Menurut Dadang Purnama, dalam sidang yang menghadirkan saksi ahli, pada Jumat (31//12/2021), Hakim Gatot mempertanyakan adanya tiga SEPRINDIK (Surat Perintah Penyidikan) yang dikeluarkan Polres Bantul dalam menetapkan status tersangka terhadap Pemohon.
Dikatakan, tiga Sprindik ini bertentangan dengan keterangan Saksi Ahli Pemohon JS Murdomo SH MH yang menegaskan bahwa dalam suatu penyidikan tidak dibenarkan adanya dua atau lebih Sprindik. Jika dikeluarkan sprindik baru, maka sprindik sebelumnya harus dibatalkan dulu.
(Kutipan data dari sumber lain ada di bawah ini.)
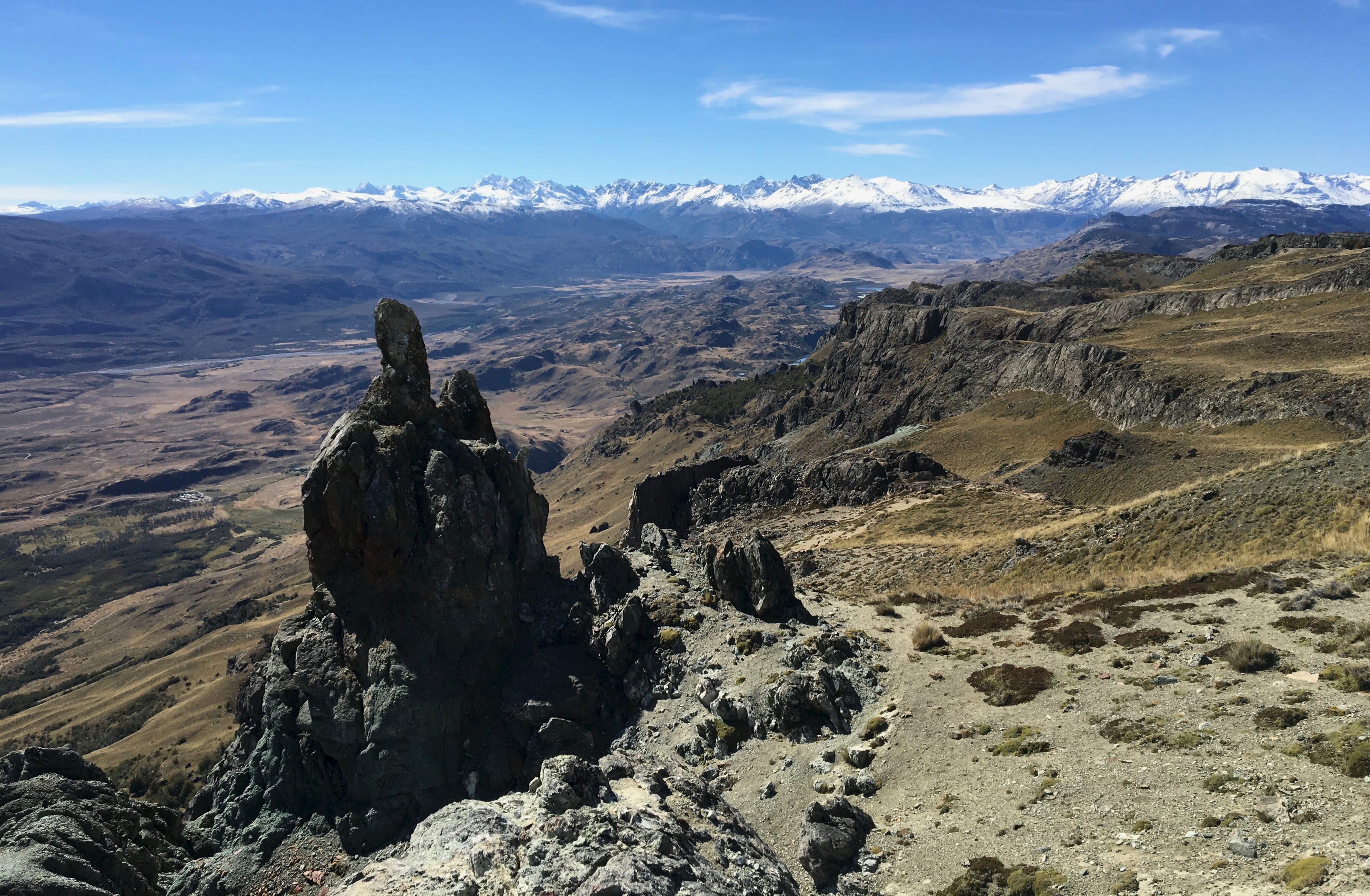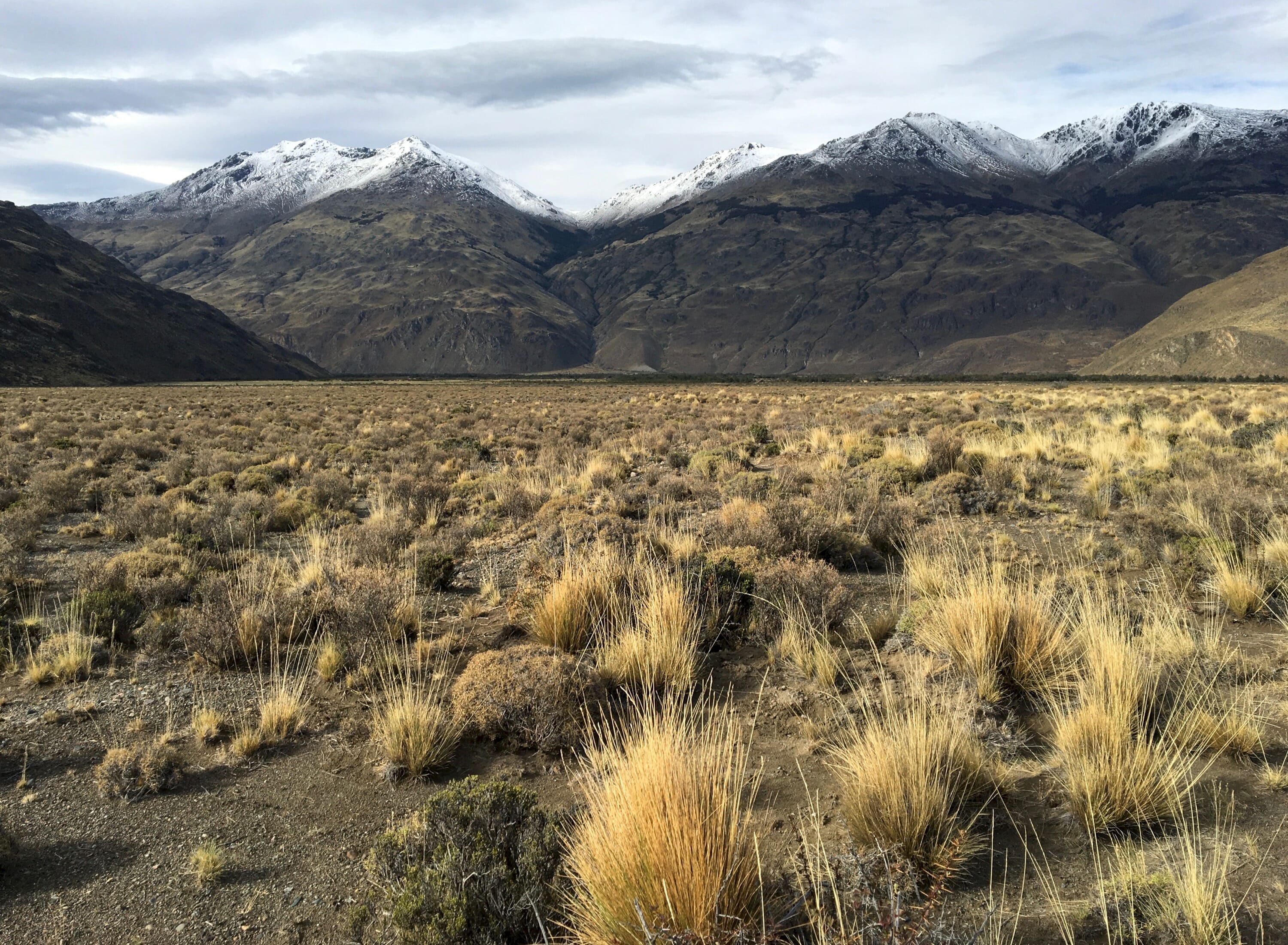 This valley toward the Jeinimeni Reserve is incredibly scenic! During the first half of our loop, we had constant views of the plateaus and mountains across the valley on our left, as well as the mountains behind us (between Valle Chacabuco and Lago Cochrane). As we gradually ascended, the snow-dusted peak of Co. Pintura loomed to the left with a few of the closest peaks in Jeinimeni Reserve at the head of the valley.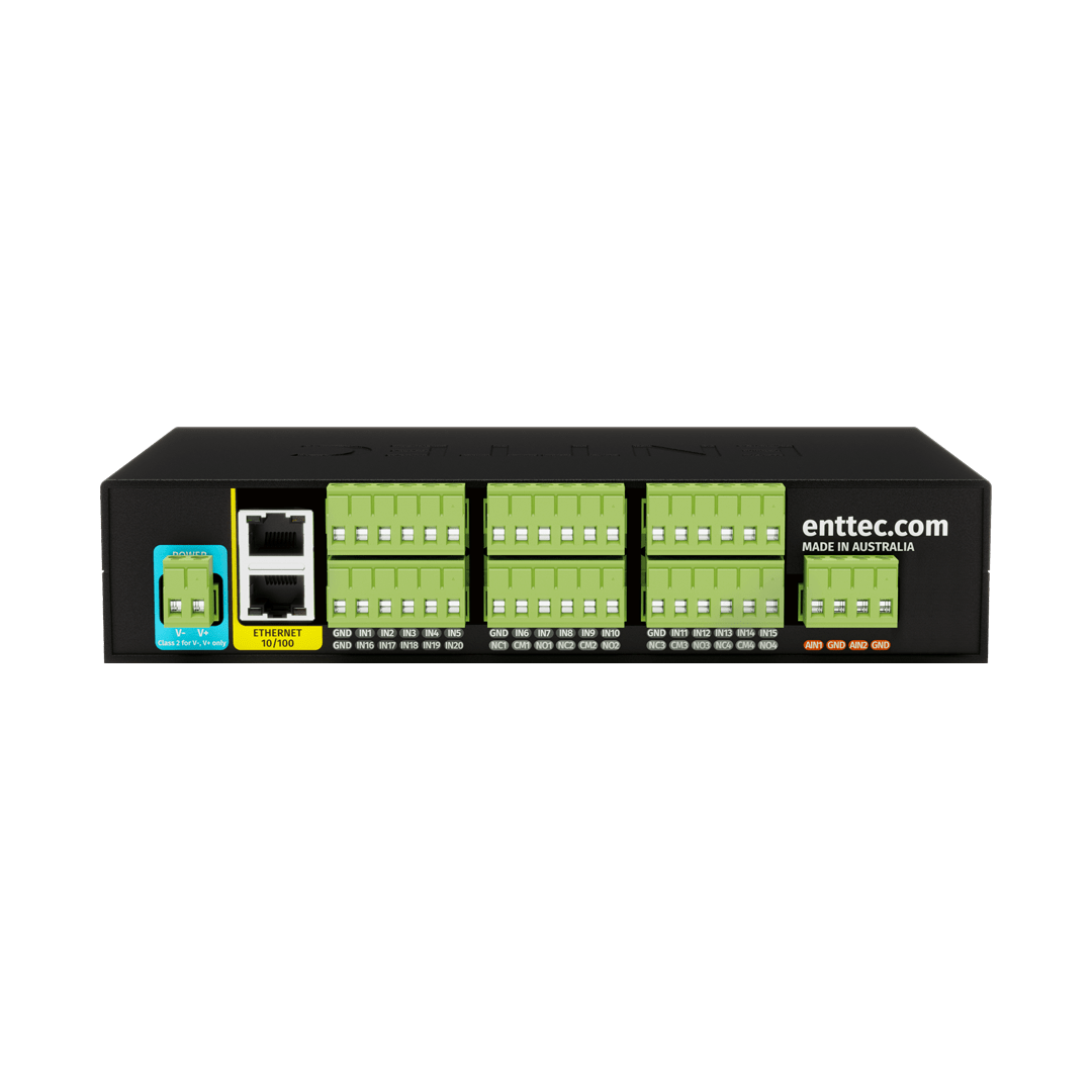 Compatible with the S-PLAY SP1 and LITE, ENTTEC’s I/O Extender enhances your system’s input/output capabilities, integrating with setups for advanced smart lighting control.

Substansi dari sprindik adalah sebagai alat selain alat kontrol/komunikasi juga menyangkut hak asasi manusia. Selain sprindik, alat kontrol/komunikasi dan terkait dengan hak asasi manusia adalah SPDP atau Surat Pemberitahuan Dimulainya Penyelidikan. SPDP harus dikirimkan dan diterima oleh tersangka.
Dalam sidang, Tim Penasihat Hukum Polres Bantul (Termohon) yang dipimpin Heru Nurcahya SH MH menghadirkan saksi dua penyidik yaitu Aipda Ali Mahfud SH dan Dian Yuni Anggraini. Keduanya menyatakan telah menjalankan prosedur penyidikan dengan benar sesuai arahan atasan. Diakui para saksi penyidik, ada 3 Sprindik karena ada perubahan sprindik 2 kali dari Sprindik 16 ke Sprindik 16a dan 16b karena mengikuti arahan Kasat Reskrim dan juga adanya pergantian Kasat Reskrim.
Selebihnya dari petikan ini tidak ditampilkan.